Fingerprinting the recovery of Antarctic ozone

Article

Wang, Peidong; Solomon, Susan; Santer, Benjamin D.; Kinnison, Douglas E.; Fu, Qiang; Stone, Kane A.; Zhang, Jun; Manney, Gloria L.; Millan, Luis F.

Massachusetts Institute of Technology (MIT); Woods Hole Oceanographic Institution; University of California System; University of California Los Angeles; National Science Foundation (NSF); National Center Atmospheric Research (NCAR) - USA; University of Washington; University of Washington Seattle; NorthWest Research Associates; New Mexico Institute of Mining Technology; California Institute of Technology; National Aeronautics & Space Administration (NASA); NASA Jet Propulsion Laboratory (JPL)

Nature

0028-1362

10.1038/s41586-025-08640-9

2025-03-20

The Antarctic ozone 'hole' was discovered in 1985 (ref. 1) and man-made ozone-depleting substances (ODSs) are its primary cause2. Following reductions of ODSs under the Montreal Protocol3, signs of ozone recovery have been reported, based largely on observations and broad yet compelling model-data comparisons4. Although such approaches are highly valuable, they do not provide rigorous statistical detection of the temporal and spatial structure of Antarctic ozone recovery in the presence of internal climate variability.
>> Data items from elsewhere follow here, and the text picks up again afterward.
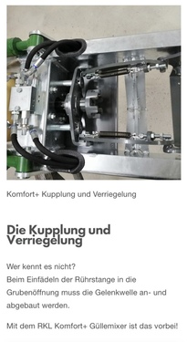TMK 5600 Komfort+ Güllenmixer- halbautomatische Kupplung und Verriegelung- starkes Holzlager- zwei Neigungszylindern- Knick und der Kuppelzylinder mit Folgesteuerung- Rührstangenlänge 5 Meter- Flügeldurchmesser 600mm- Stützfuss Satndard- Traktorseitig zwei doppelwirkende Steuerventile notwendig- Optional GelenkwelleDie Kupplung und VerriegelungWer kennt es nicht?Beim Einfädeln der Rührstange in die Grubenöffnung muss die Gelenkwelle an- und abgebaut werden.Mit dem RKL Komfort+ Güllemixer ist das vorbei!Unsere patentierte halbautomatische Kupplung und Verriegelung verbindet mittels einer Klauenkupplung Rührstange und Zapfwelle! Der Knick und der Kuppelzylinder sind mit einer ausgeklügelten Folgesteuerung verbunden. es ist keine Fehlbedienung möglich! es ist nur ein doppeltwirkender Steuerkreis für die Kupplung notwendig! Die Kupplungseinheit ist mit Federn mit der Verriegelung verbunden – verdreht sich der Flügel beim Eintauchen und die Kupplung fluchtet nicht mehr springt sie beim ersten wegdrehen, Seriennummer:2024TMK02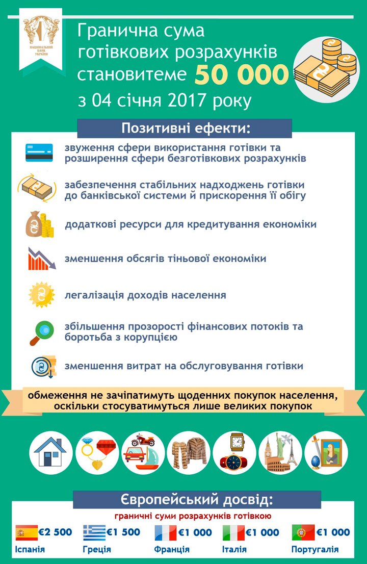 Національний банк України анонсує зниження з 4 січня граничної суми розрахунків готівкою за участю фізичних осіб зі 150 тисяч гривень до 50 тисяч гривень.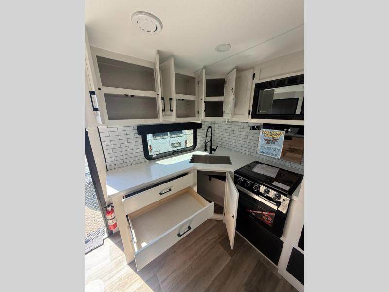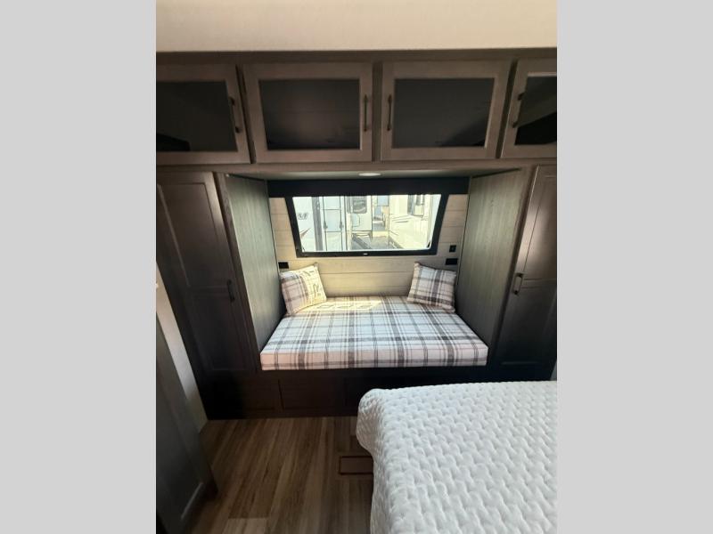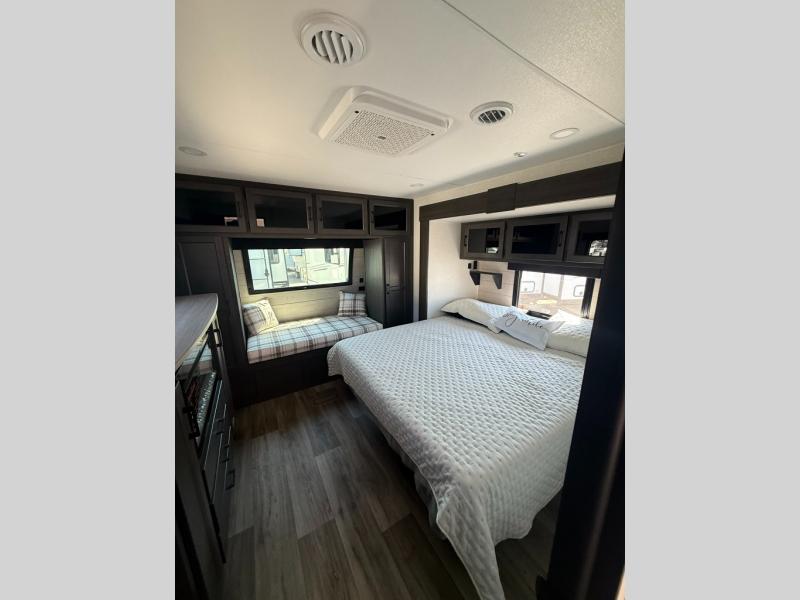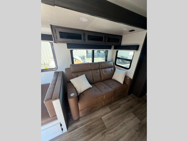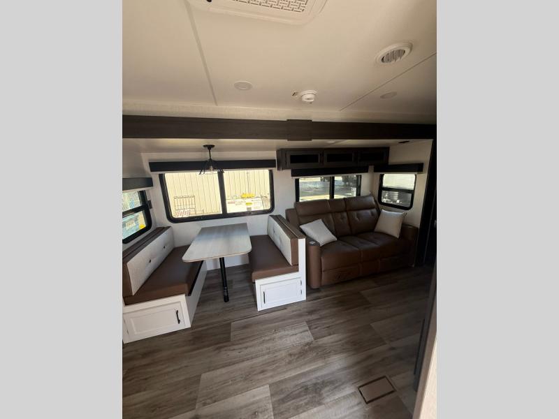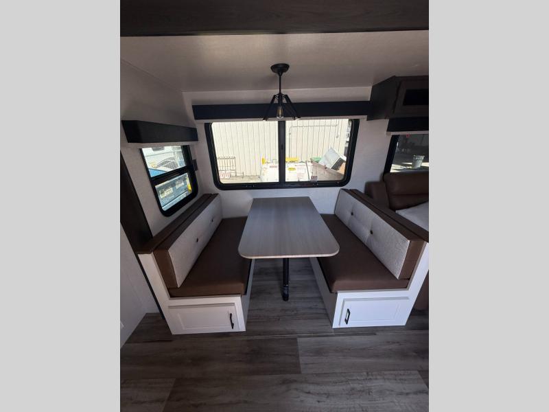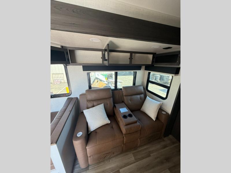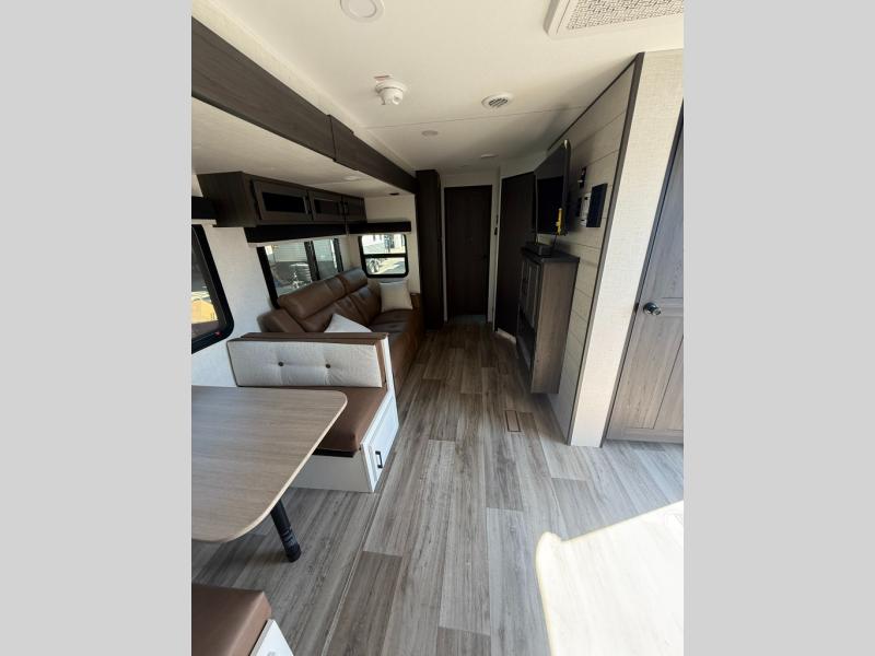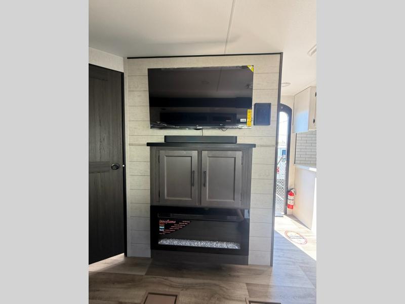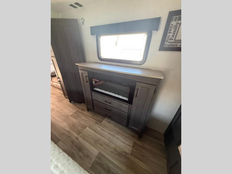 This travel trailer is perfect for two people who want to escape from everyday life! The front private bedroom has a 70" x 80" Sleep Tight king bed slide for more interior space, a dresser with a 30" frameless fireplace and TV, and a window seat to read a book with a view. Freshen up each morning in the full bathroom with the 30" x 36" shower then head to the rear kitchen to fry up some eggs on the three burner cooktop. The Sit N' Slide table offers a comfortable place to enjoy your meals, play card games, and even transform into an extra sleeping space. Grab a snack from the walk-in pantry and relax on the 70" tri-fold sofa across from the entertainment center with a 30" frameless fireplace!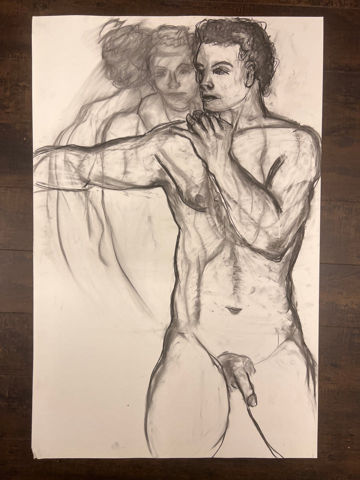 This piece is charcoal on paper, unframed. Shipping available.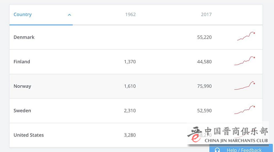 从数据看,1962年的瑞典还是比较富裕的,同年代的芬兰和挪威就算不得富国了。当然,瑞典比另外两个国家是有原因的,早在1870年,该国就开始了市场经济改革,此后的数十年发展相当迅猛。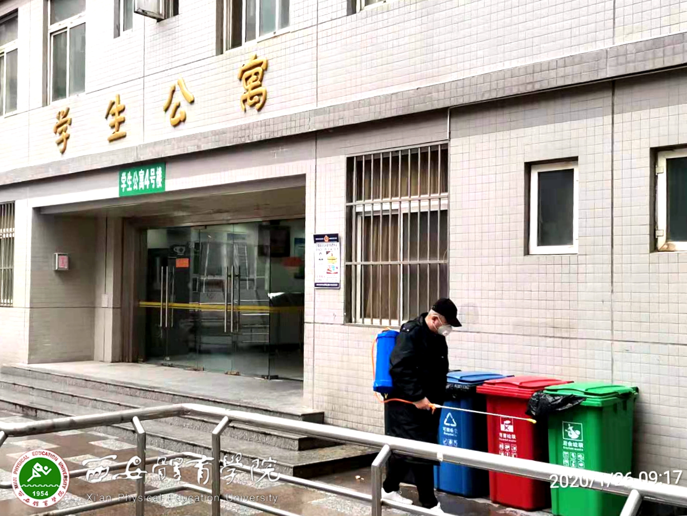 校园环境的消毒是后勤保障组的重点工作之一,保洁绿化中心主任杨生富严格按照“环境卫生不留死角,清洁消毒不留空白”的工作要求,对校园和家属区进行全面清洁、消毒。每天,杨生富根据《后勤管理处(集团)防控新型冠状病毒肺炎应急预案》对工作人员进行体温检测、登记后,带领他们对全校和家属区进行两次全面消毒,对校垃圾堆放点、电梯间、楼梯扶手、家属区楼宇间、教学楼等重点盲点死角区域进行不少于两次的重点消毒,在家属区进行消毒时,杨生富将校园与家属区的消毒情况告知住户,较好地安抚了部分住户的焦虑情绪。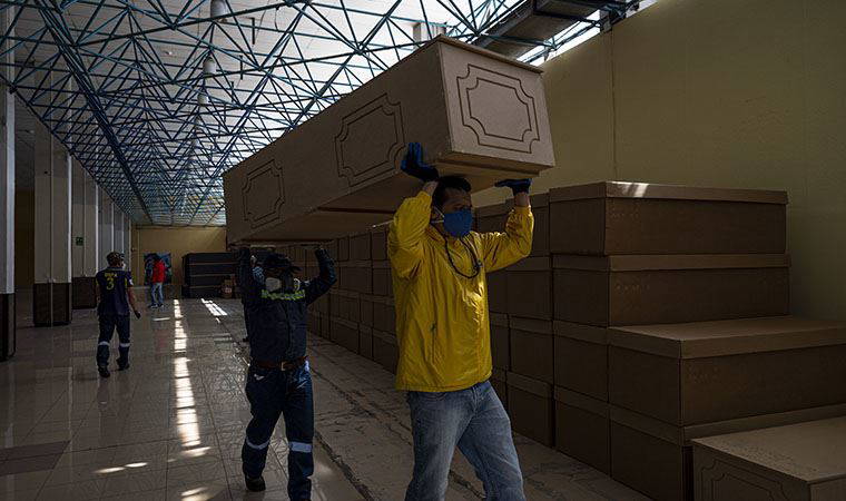 Orta Amerika ülkesi Ekvador'da yeni tip koronavirüs (Covid-19) salgını kaynaklı ölümlerden dolayı artık morglar yetmiyor. Yaşamını yitirenler soğutuculu konteynerlere konuluyor. Tahta yetmediği için kartondan tabutlar kullanılıyor.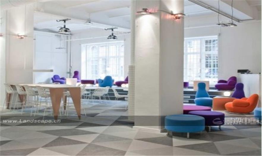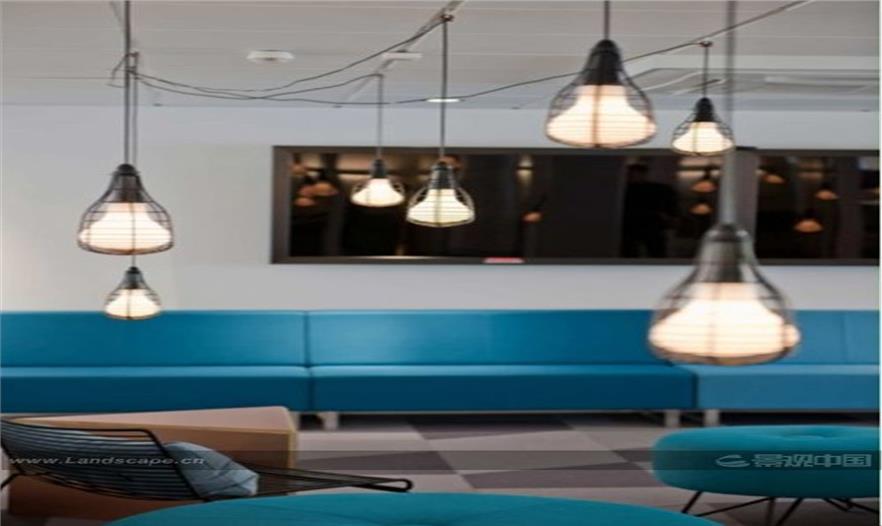 該辦公室的設(shè)計充分體現(xiàn)了Skype的企業(yè)精神:以實用和有趣的工具連通世界。辦公室內(nèi)部節(jié)點的形狀為平行四邊形或三角形,這一點從地板和一些硬質(zhì)家具的設(shè)計上也可以體現(xiàn)出來。那些柔軟、絢麗而好玩的家具的設(shè)計靈感源于Skype公司的圖標,而公司的云朵LOGO則被詮釋為云朵般的燈具,照亮了整個世界。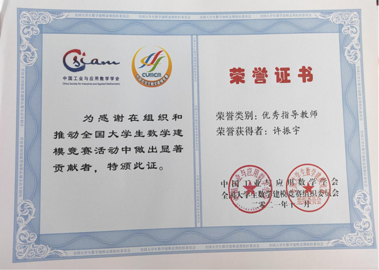 许振宇老师从2003年开始参加建模竞赛培训工作。2006年起担任买球官方网站数学建模指导中心主任,全面负责数学建模竞赛培训工作,并担任主讲教师,带领建模团队教师,大胆探索改革培训模式,编写校内培训讲义,细化培训流程,改进模拟训练阶段教师指导方法,强化建模竞赛宣传工作,指导学生建模协会工作,创办买球官方网站数学建模竞赛,使数学建模成为济大在省内的一张靓丽的名片。指导的学生在“高教社杯”全国大学生数学建模竞赛中获得全国一等奖1项,全国二等奖8项,赛区一等奖28项,赛区二、三等奖34项;在“中国电机工程学会杯”全国大学生数学建模竞赛中获得全国一等奖3项。2010年、2013年,两次被评为“全国大学生数学建模竞赛山东赛区优秀指导教师”。2011年以来,连续担任山东赛区论文评审专家。2011年、2015年两次担任全国奖评审专家。

Here we apply pattern-based detection and attribution methods as used in climate-change studies5, 6, 7, 8, 9, 10-11 to separate anthropogenically forced ozone responses from internal variability, relying on trend pattern information as a function of month and height. The analysis uses satellite observations together with single-model and multi-model ensemble simulations to identify and quantify the month-height Antarctic ozone recovery 'fingerprint'12. We demonstrate that the data and simulations show compelling agreement in the fingerprint pattern of the ozone response to decreasing ODSs since 2005. We also show that ODS forcing has enhanced ozone internal variability during the austral spring, influencing detection of forced responses and their time of emergence. Our results provide robust statistical and physical evidence that actions taken under the Montreal Protocol to reduce ODSs are indeed resulting in the beginning of Antarctic ozone recovery, defined as increases in ozone consistent with expected month-height patterns.